Following the emergence of data science, deep learning and AI segmentation is right back on the marketing agenda, the appetite for which hasn’t been as voracious since the monumental success of Clubcard back in the late 90s.
This is good news as segmentation is an extremely powerful tool, but only if it is applied and executed in the right way.
The problem we have is that all too often organisations are putting the proverbial cart before the horse in their rush to create an all-singing, all-dancing competitive advantage panacea.
However, segmentation can only ever be as effective as the validity of the model on which it is built. The key to a good model is one with solid foundations. Without a clear objective, a segmentation model is floundering in the dark, despite the seemingly endless patterns of data and insight it produces.
Not even the most experienced and wizard-like data scientist with access to a catalogue of data assets will be able to create an operationally sound segmentation system if they have no appreciation of end game. Consequently, as with many strategies, the best policy is to start defining exactly what is it that the business wants to achieve.
What is it that the business can do to change behaviour on a person-by-person, channel-by-channel, date-by-date basis? Once this is established only then can segmentation be applied to the problem.
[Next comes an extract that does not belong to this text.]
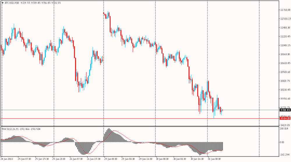 Со вчерашнего дня курс биткойна находится под сильным давлением. Вчера криптовалюта упала ниже психологической отметки $10000, а сегодня обвалилась к уровню $9554. Большинство аналитиков связывают данное падение стоимости биткойна с намерением Facebook запретить кукую либо рекламу криптовалют в своей соцсети. Под запрет попали также ICO и бинарные опционы. С декабря 2017 рынок криптовалюты лихорадит и он никак не может вернутся в устойчивую бычью фазу.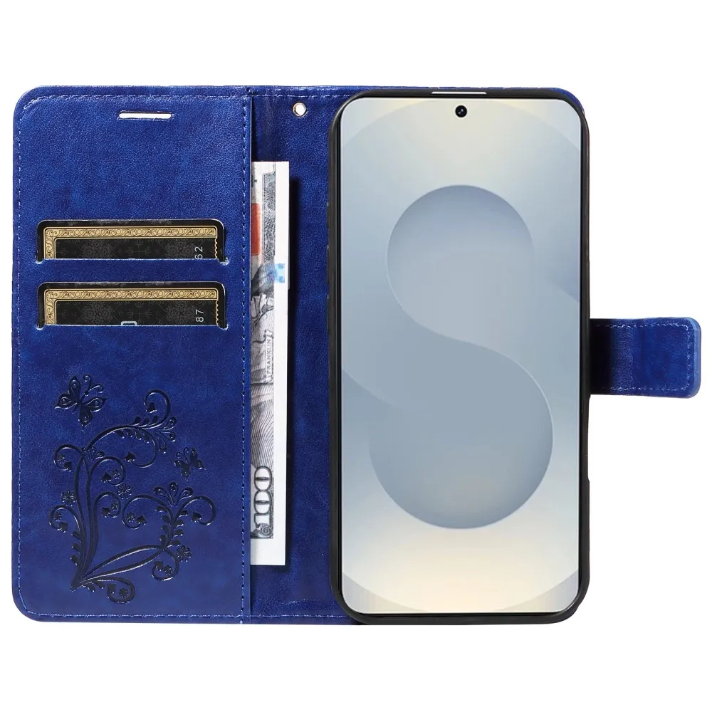 Kék pénztárca tok Nagy pillangó Samsung Galaxy S25 Edge számára

It is here that the data science team can start layering up the segmentation hierarchy to create a multi-tiered, three-dimensional model that can be deeply interrogated to find insightful patterns too complex for human comprehension.
By working backward from the problem a brief can be drawn up and given to the data science team, against which they can design the model and determine all the necessary data sources.
The alternative is starting with the data and using all of it indiscriminately to try and create a crystal ball. But as we know the only certain thing about the future is uncertainty.
A good segmentation system is therefore not a future gazer but an engine that builds insights about an organisation’s customers and their behaviour and then interprets this understanding to predict their future needs so that it is possible to determine when individual consumers are in the market for specific products, what type of communications will result in a purchase and how to extend their overall lifetime value.
Any segmentation system that doesn’t do this is not delivering on expectations – but to be fair, the question that needs to be addressed is: has it been set up to fail in the first place?